Leo McKay Jr. (born June 19, 1964) is a Canadian novelist and short story writer from Stellarton, Nova Scotia. He also is a periodic contributor to The Globe and Mail.

== Early life ==

McKay was born and raised in the town of Stellarton, Nova Scotia, where he graduated from Stellarton High School in 1982. He grew up in the small working class Stellarton neighbourhood called the Red Row, a neighbourhood of hundred-year-old mining company duplexes and a tight-knit community of working-class people. His parents grew up in the same neighbourhood. His mother, Georgina Bellick, was the daughter of Polish and Ukrainian immigrants. His father, Leo McKay Sr., who lived in the Red Row until his death in 2011, was a riveter at the railcar factory in nearby Trenton before becoming a career labour leader, social activist, New Democrat politician, and eventually a member of Stellarton Town Council.

He studied English at St. Francis Xavier University, French at Laval, Creative Writing at the University of British Columbia, and Education at Dalhousie. He lived in Asia for four years.

== Career ==

McKay formerly taught English at Cobequid Educational Centre in Truro, Nova Scotia, until 2024. As of 2025, he teaches at Paatsaali School in Sanikiluaq, Nunavut.

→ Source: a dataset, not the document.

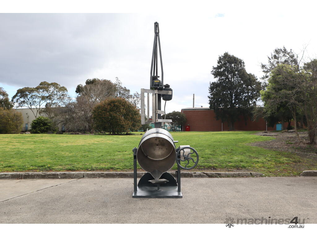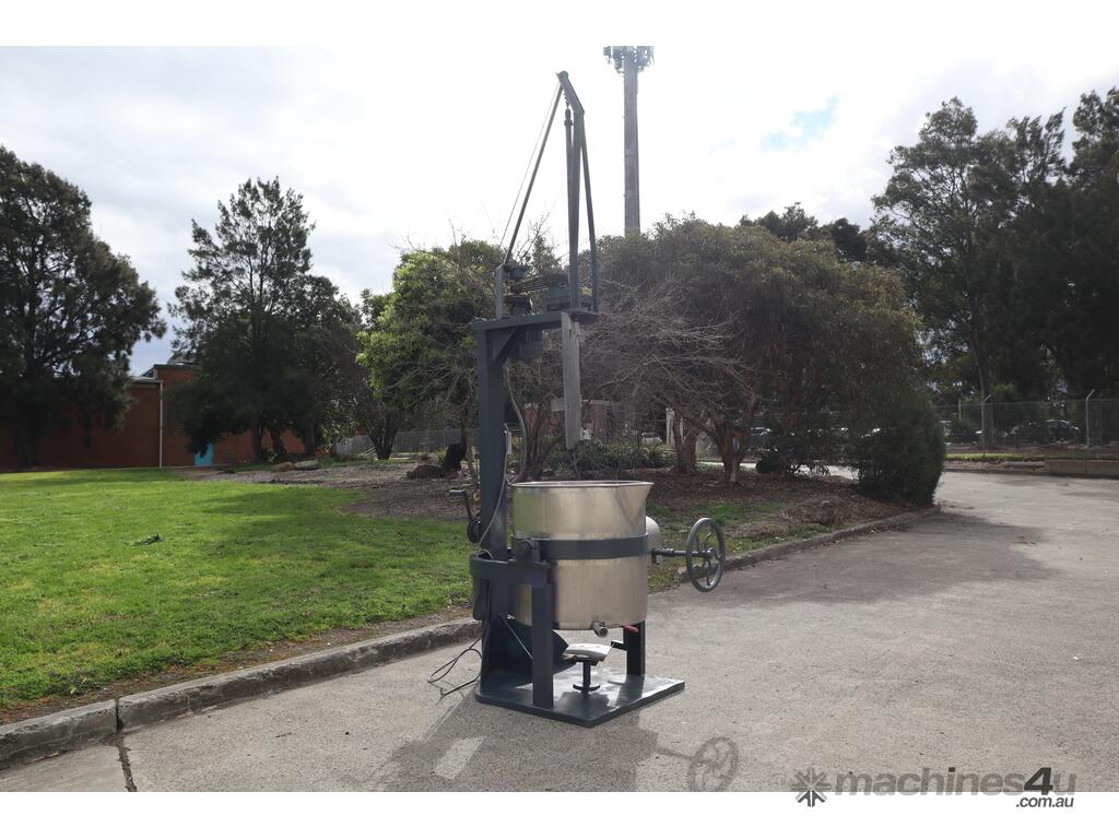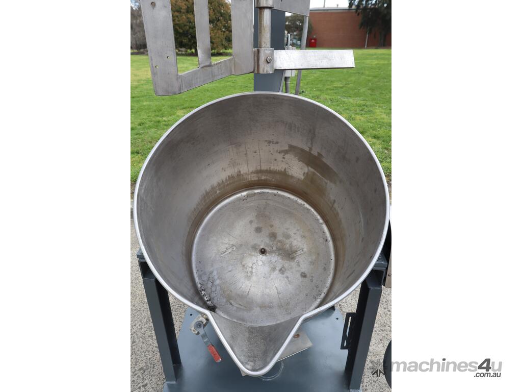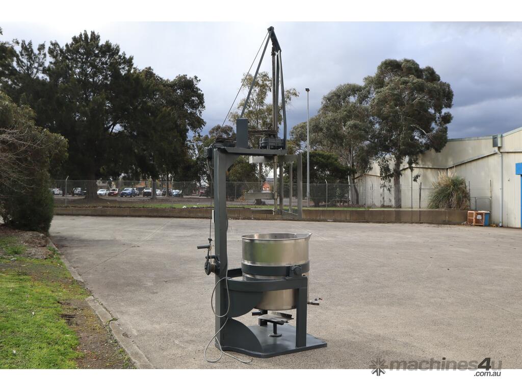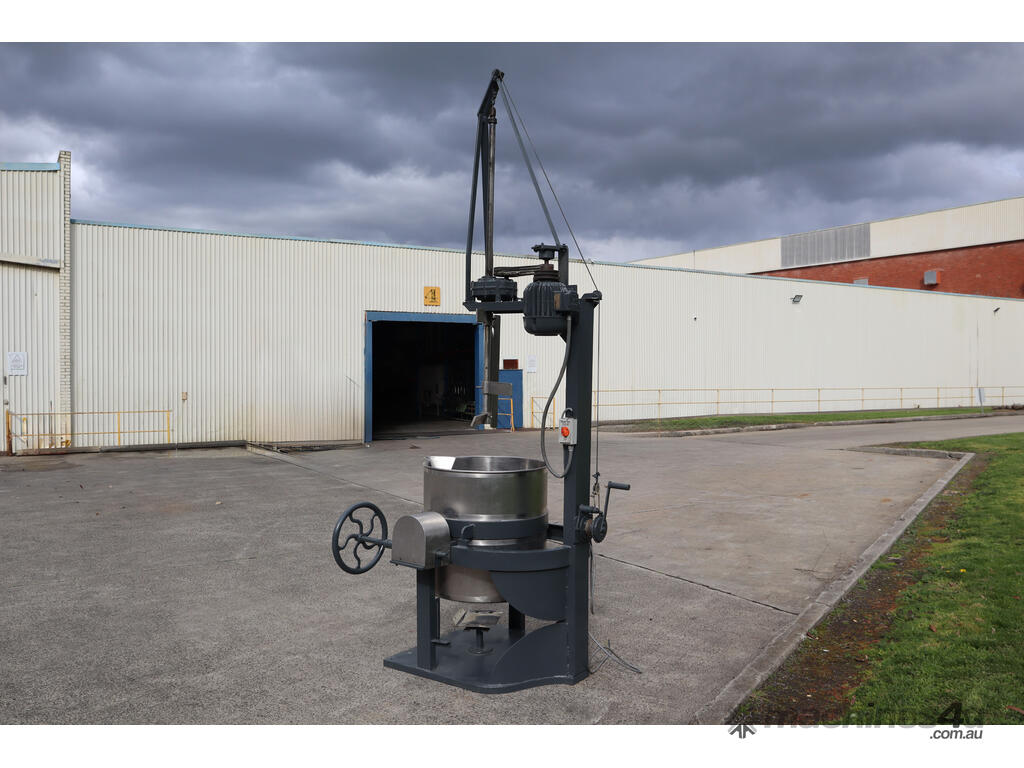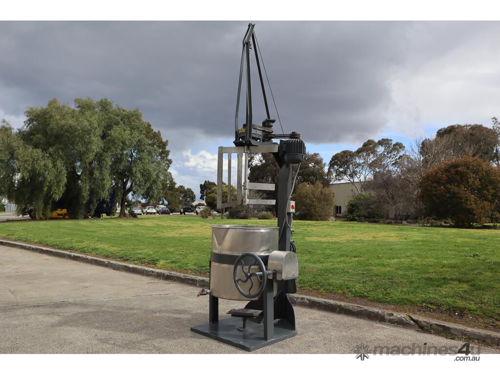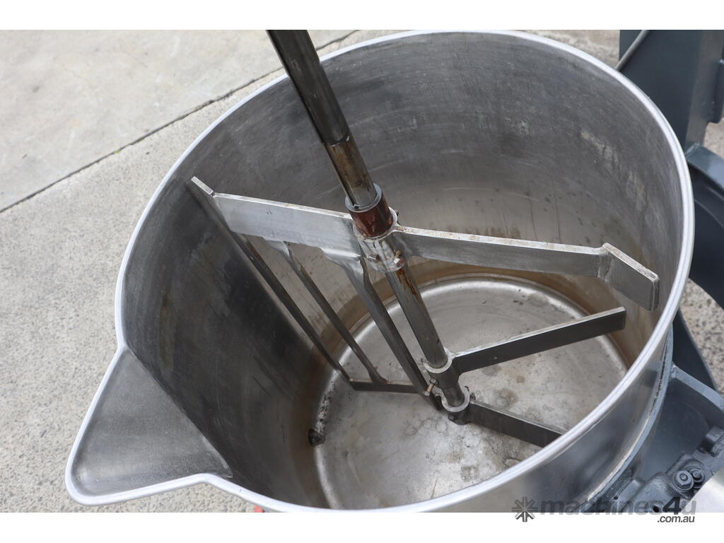 This industrial stainless steel mixing tank features a manual crank system that allows for easy tilting, making simple and safe to empty or transfer contents. Another manual crank is fitting for raising and lowering the mixing blade, allowing for flexibility and control during operation.

McKay became one of the first recognized literary writers to embrace social media. During the 2010 CBC Canada Reads competition, McKay used Facebook, Twitter, and especially YouTube, to promote his 2003 novel Twenty-Six as one of the Best Canadian Novels of the previous decade. He used hand-shot, self-produced videos called "Twenty-six Reasons Why You Should Vote for Twenty-Six For Canada Reads 2010". The novel made the 40 book long list, and that success spurred McKay to further use of social media as a promotional tool.

In the spring of 2012, McKay used an online funding site, Indiegogo.com, to fund the independent publication of a new novel, Roll Up the Rim. That campaign raised $10,000 in 30 days, and was chosen by Indiegogo.com as an example of how to run a successful online funding campaign.

== Recognition ==
McKay's debut short story collection, Like This, was short-listed for the Giller Prize in 1995 and received the Dartmouth Book Award for fiction in 1996.

His first novel, Twenty-Six, was published in 2003. It became a national bestseller, and won the 2004 Dartmouth Book Award.

What Comes Echoing Back was longlisted for CBC's 2024 Canada Reads.

==Published works==
- Like This (1996)
- Twenty-Six (2003)
- Roll up the Rim (2013)
- What Comes Echoing Back (2023)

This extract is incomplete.